How do I integrate a logical boolean constraint into the standard matrix form of a Mixed Integer Linear Problem in scipy.optimize.milp / linprog?

Question

I want to implement boolean logic and dependent variables into a Mixed-Integer Linear Program with scipy.optimize.milp using a highs solver.

How do I set the actual matrices and vectors c, A_ub, b_ub, A_eq, b_eq to fit these exemplary Boolean operations of the exemplary MILP:

Boolean variables: a, b, c, d, e, f, g, h, i, j, k, l

Minimize 1a+1b+...+1l

such that:

a OR b

c AND d

e XOR f

g NAND h

i != j

k == l

a,b,...,l are set to integers via the integrality parameter:

integrality=np.repeat(3, 12+amount_of_helper_variables)

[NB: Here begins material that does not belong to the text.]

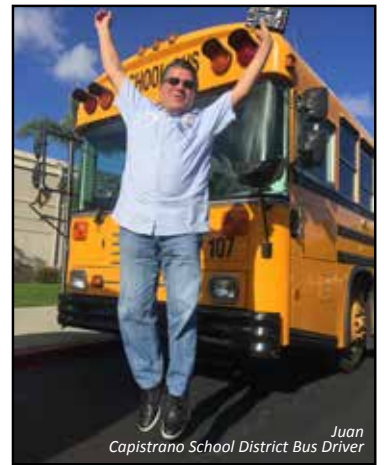
Juan Capistrano School District Bus Driver

The following pages include some of the most important people in Mission Viejo, people that make our city great.

And the lower and upper bounds are set to match boolean values 1 or 0 only:

Forall x in {a,b,...,l}: 0 <= x <= 1

I figured this CS post might help a lot as a general building guide, especially for solvers taking arbitrary formula input formats, but didn't get far myself with the conversion to standard matrix form until now.

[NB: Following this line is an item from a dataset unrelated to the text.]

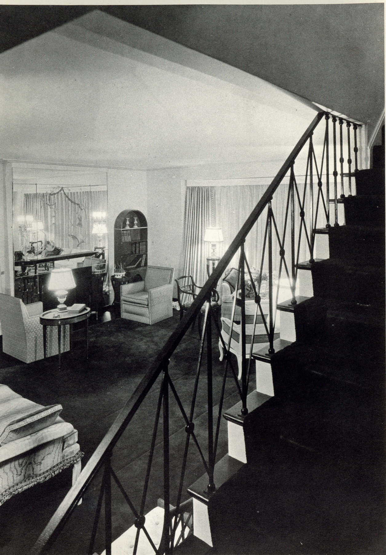
VIEW OF LIVING ROOM FROM STAIRWAY

I'm asking for a generalizable approach for conversion that basically can be used as a helper method for array creation and doesn't just apply to the stated problem but all boolean formula conversions for standard matrix form MILP using np.arrays to juggle the variables and helpers around.

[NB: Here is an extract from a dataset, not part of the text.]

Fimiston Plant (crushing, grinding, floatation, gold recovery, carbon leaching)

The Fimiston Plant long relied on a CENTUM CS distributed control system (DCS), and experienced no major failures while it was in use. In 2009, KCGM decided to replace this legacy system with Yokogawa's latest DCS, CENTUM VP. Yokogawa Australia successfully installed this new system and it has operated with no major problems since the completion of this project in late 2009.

score 1 · Answer 1 · answered Oct 22 '22 at 09:28

Disclaimer

Generalization is fine, but sometimes we lose exploitable substructures in mathematical-optimization. Sometimes this is bad!

Recommendation

That being said, i recommend the following.

Intermediate language: Conjunctive normal form

It's well known, that we can express any boolean function with it
It's the form a SAT-solver would expect: DIMACS CNF -> some empirical proof that it's a good pick
There is lots of well-understood tooling
There is a natural MILP-formulation

Transformation: CNF -> MILP

Helper-function

Input: CNF defined on boolean variables (integral and bounded by [0, 1])
Output:
- Set of constraints aka rows in constraint matrix A_ub
- Set of constants aka scalars in b_ub

No matter what kind of input you have:

You might go through one joint CNF or decompose into many CNFs. And by definition you can concatenate them and their "conjunction." Meaning: A_ub and b_ub are stacking those outputs.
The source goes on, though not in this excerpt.